An example of a midrashic interpretation:
"And God saw all that He had made, and found it very good. And there was evening, and there was morning, the sixth day." (Genesis 1:31)—Midrash: Rabbi Nahman said in Rabbi Samuel's name: "Behold, it was very good" refers to the Good Desire; "AND behold, it was very good" refers to the Evil Desire. Can then the Evil Desire be very good? That would be extraordinary! But without the Evil Desire, however, no man would build a house, take a wife and beget children; and thus said Solomon: "Again, I considered all labour and all excelling in work, that it is a man's rivalry with his neighbour." (Kohelet IV, 4).
The term Midrash is also used of a rabbinic work that interprets Scripture in that manner. Such works contain early interpretations and commentaries on the Written Torah and Oral Torah (spoken law and sermons), as well as non-legalistic rabbinic literature (aggadah) and occasionally Jewish religious laws (halakha), which usually form a running commentary on specific passages in the Hebrew Scripture (Tanakh).
The word Midrash, especially if capitalized, can refer to a specific compilation of these rabbinic writings composed between 400 and 1200 CE. According to Gary Porton and Jacob Neusner, midrash has three technical meanings:
The Hebrew word midrash is derived from the root of the verb darash (דָּרַשׁ), which means "resort to, seek, seek with care, enquire, require", forms of which appear frequently in the Bible.

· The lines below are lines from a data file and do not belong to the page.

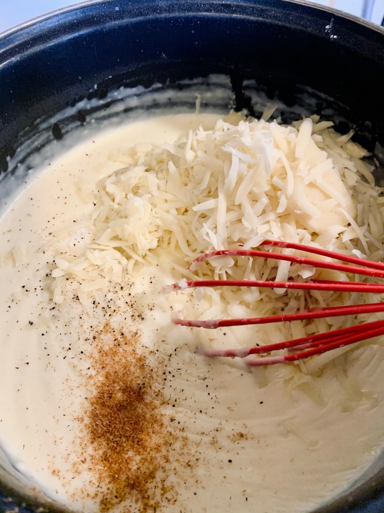 Pour in the milk little by little while stirring, so that it will thicken as you go. When it has thickened and you can see the lines from the whisk in the mixture, turn off the heat. Add in the salt, pepper, nutmeg and gruyere. Whisk till thoroughly combined.
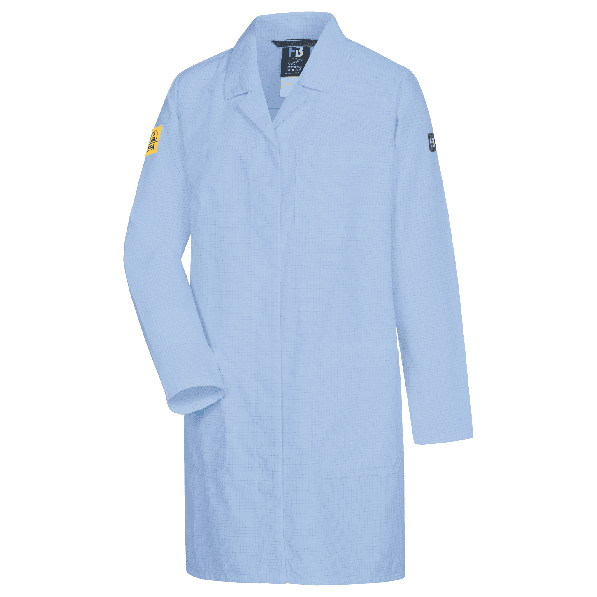 Single-coloured • cut without side seams • lapel collar • front with one-sided covered snap fasteners • 1 attached front pocket on the left • 2 attached side pockets with transverse openings • 2 front tucks on ladies‘ coat • sleeve hem adjustable via snap fasteners • EPA logo on right upper arm.Fields of application
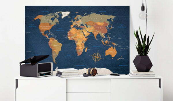 Lassen Sie es zu, dass das Bild “World Map: Ink Oceans” Ihr Zuhause und das Heim Ihrer Bekannten verändert!
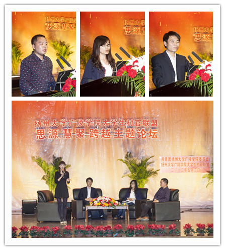 本次论坛以“思源、汇聚、跨越”为主题,以青年人的视角全面解析大学生村官在校成长经历,投身新农村建设,带领村名共同致富的青春故事。邀请了我院三位大学生村官联盟理事会成员担任嘉宾。江都市武坚镇镇团委副书记、周西社区党支部书记、江都市里下河农副产品商贸行总经理唐勇圣作了题为“忆往昔校园岁月,看今朝创业之程”的报告。他指出,作为一名大学生村官,应当耐得住寂寞、开得动脑筋、忍得住清贫、放得开胆子,他诙谐幽默的演讲赢得了场下同学的热烈掌声。随后,由南通市通州区骑岸镇岸西村大学生村官王敏也上台发言,以自己的亲身经历为例,讲述了“下基层”的甜苦滋味。最后,金坛市政协委员、金坛市直溪镇溪滨村主任助理、金坛市溪滨村大学生村官创业园经理陈学谦以“跟随、苦干、超越”为主题,向大家明确了“跟随、苦干、超越”这三个词的深层含义,并告诫同学们应当有一种吃苦耐劳、脚踏实地的精神。他们农村基层工作经历、青春故事博得现场同学的阵阵掌声。论坛上,他们三人还耐心地为现场提问的同学解答困惑。
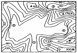 29.瀑布形成条件之一是河流,之二是落差。读某地区等高线地形图,分析图中可以看到瀑布景观的地点最有可能是
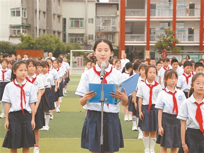 學(xué)生代表領(lǐng)讀愛路護路倡議書。 施華瓊 攝
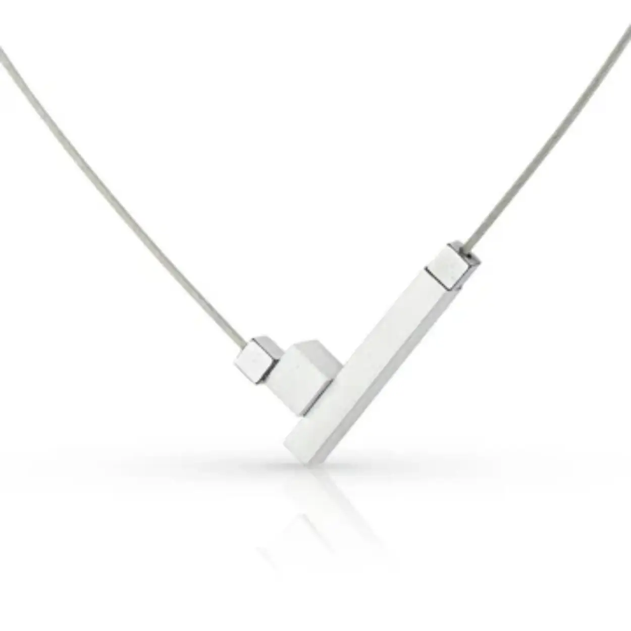 Collier van klein vierkant en rechthoek met een glanzend kubusje van hematiet. Het sluit met een magnetische sluiting tussen de gekleurde delen in het voorste ornament. Dit collier is verkrijgbaar in verschillende kleuren en heeft een soepel vallende edelstalen collier draad. Dit eenvoudige basis collier kun je altijd combineren met andere items uit onze collectie zoals de kleine kubus oorknopjes O28 en de ring R4. Tijdloos en basic in de vormgeving.
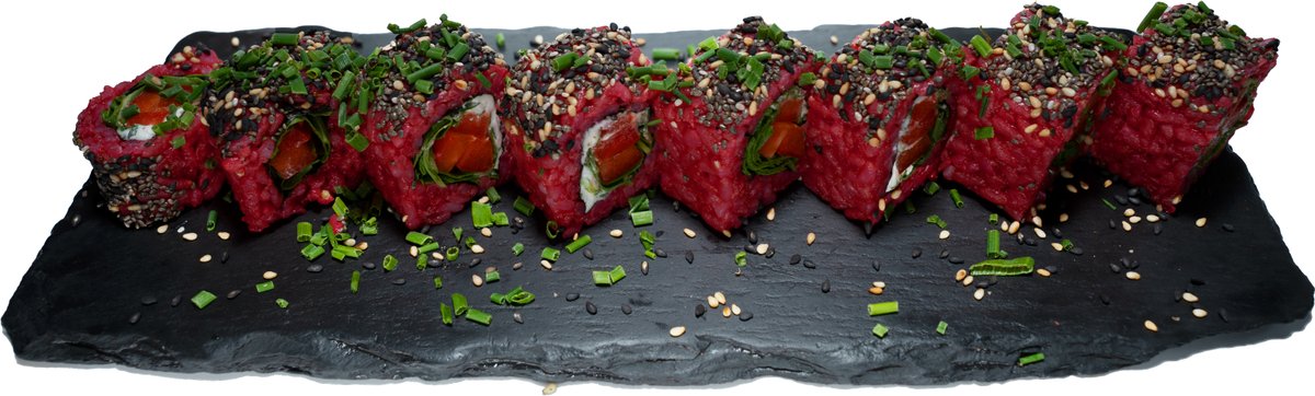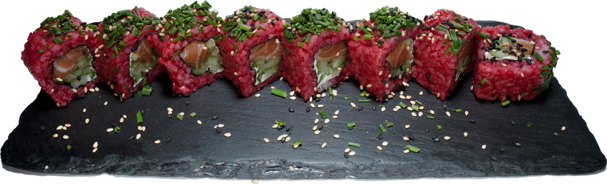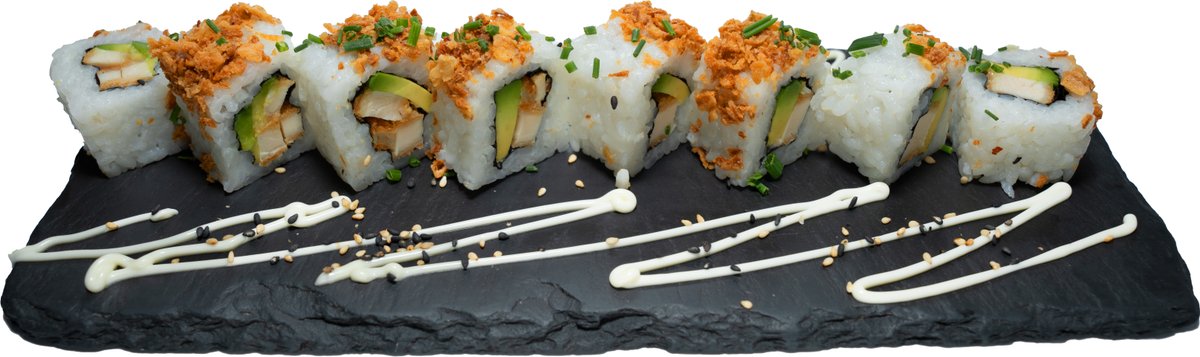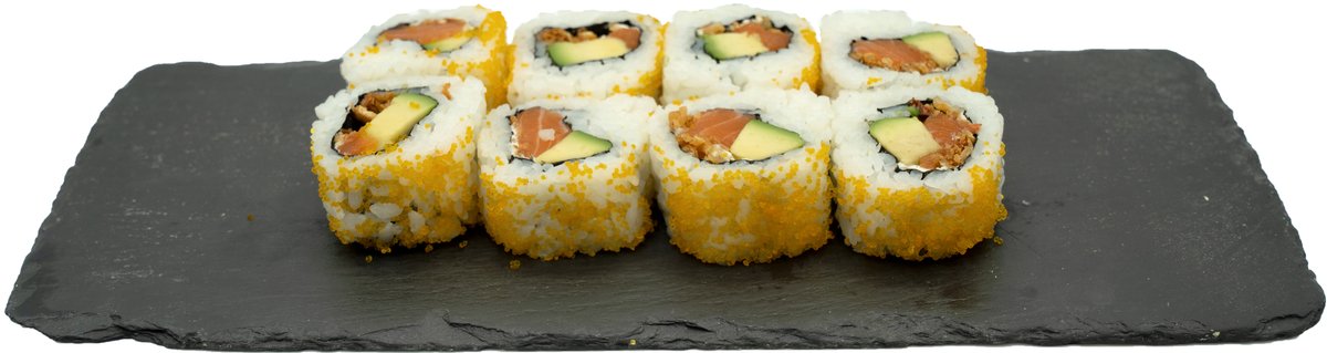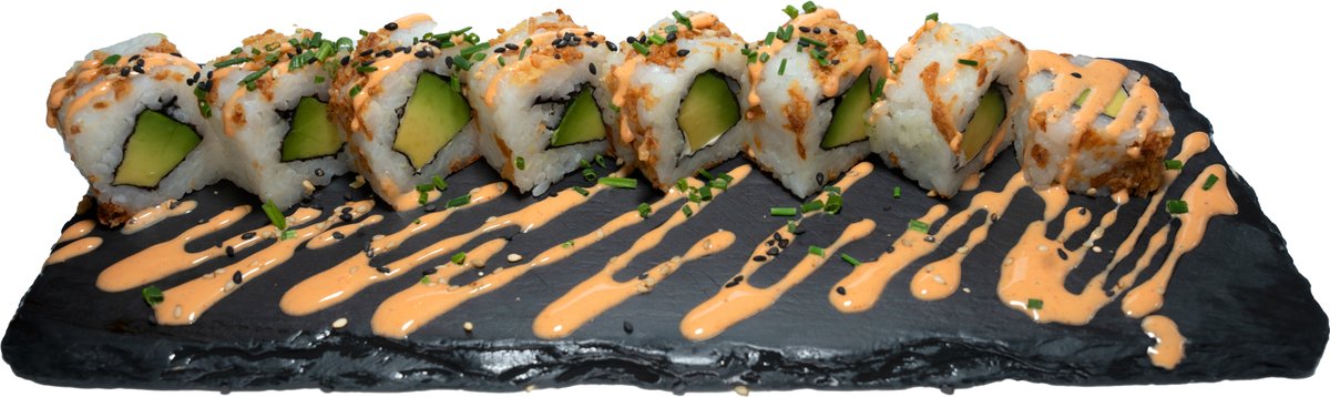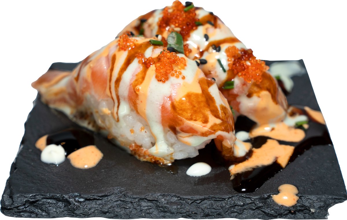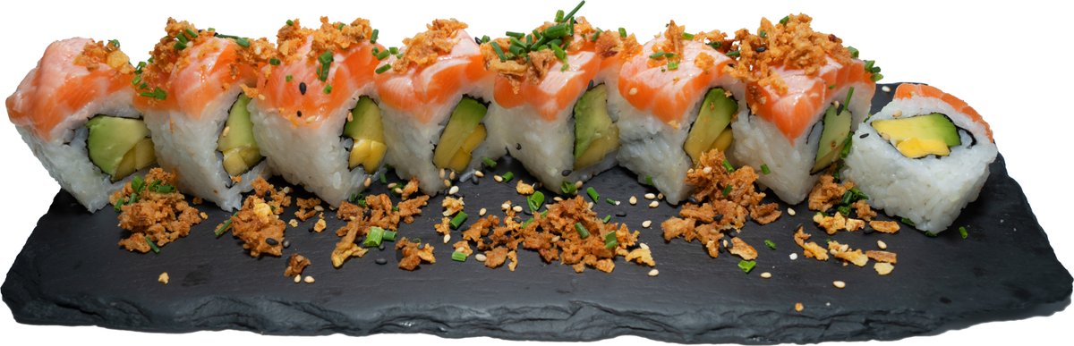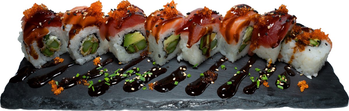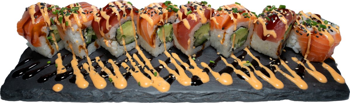 8 Stück gefüllt mit Frischkäse, Gurken und Avocado, umhüllt von flambiertem Lachs und Fischrogen, mit hausgemachter Spicy-Mayonnaise, hausgemachter Teriyakisoße und Wasabi-Mayonnaise
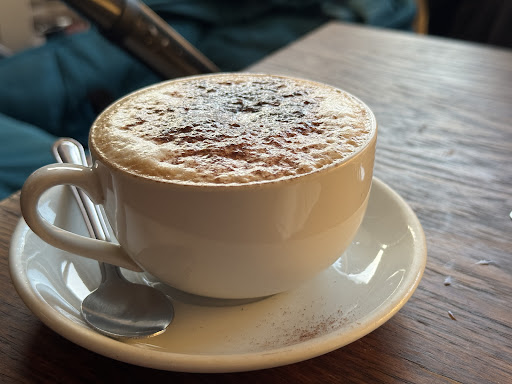 SEVERAL WEEKS AGO PART 1 Only dropped by for a coffee and a tea and the bill was just £3 odd, if you like your coffee you'll love it here. I had a big tea pot and had 3 cuppas from it. Very clean and well presented surroundings. The food menu looked scrummy so we're going back there next week for lunch. Lots of regulars as they were talking to each other which is always a good sign, one chap we were talking to said the food here is excellent. We went there about 10.15am and it was already a third full. Hope this helps, Quentin. Oh, no dogs except guide dogs..
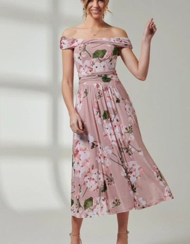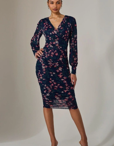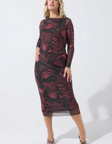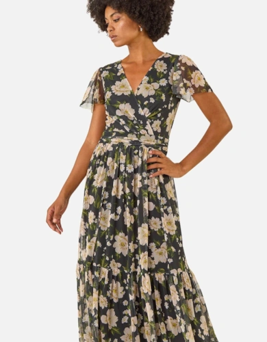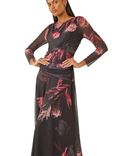 Floral Printed Mesh Ruched One Shoulder Maxi Dress

The word midrash occurs twice in the Hebrew Bible: 2 Chronicles 13:22 "in the midrash of the prophet Iddo", and 24:27 "in the midrash of the book of the kings". Both the King James Version (KJV) and English Standard Version (ESV) translate the word as "story" in both instances; the Septuagint translates it as βιβλίον (book) in the first, as γραφή (writing) in the second. The meaning of the Hebrew word in these contexts is uncertain: it has been interpreted as referring to "a body of authoritative narratives, or interpretations thereof, concerning historically important figures" and seems to refer to a "book", perhaps even a "book of interpretation", which might make its use a foreshadowing of the technical sense that the rabbis later gave to the word.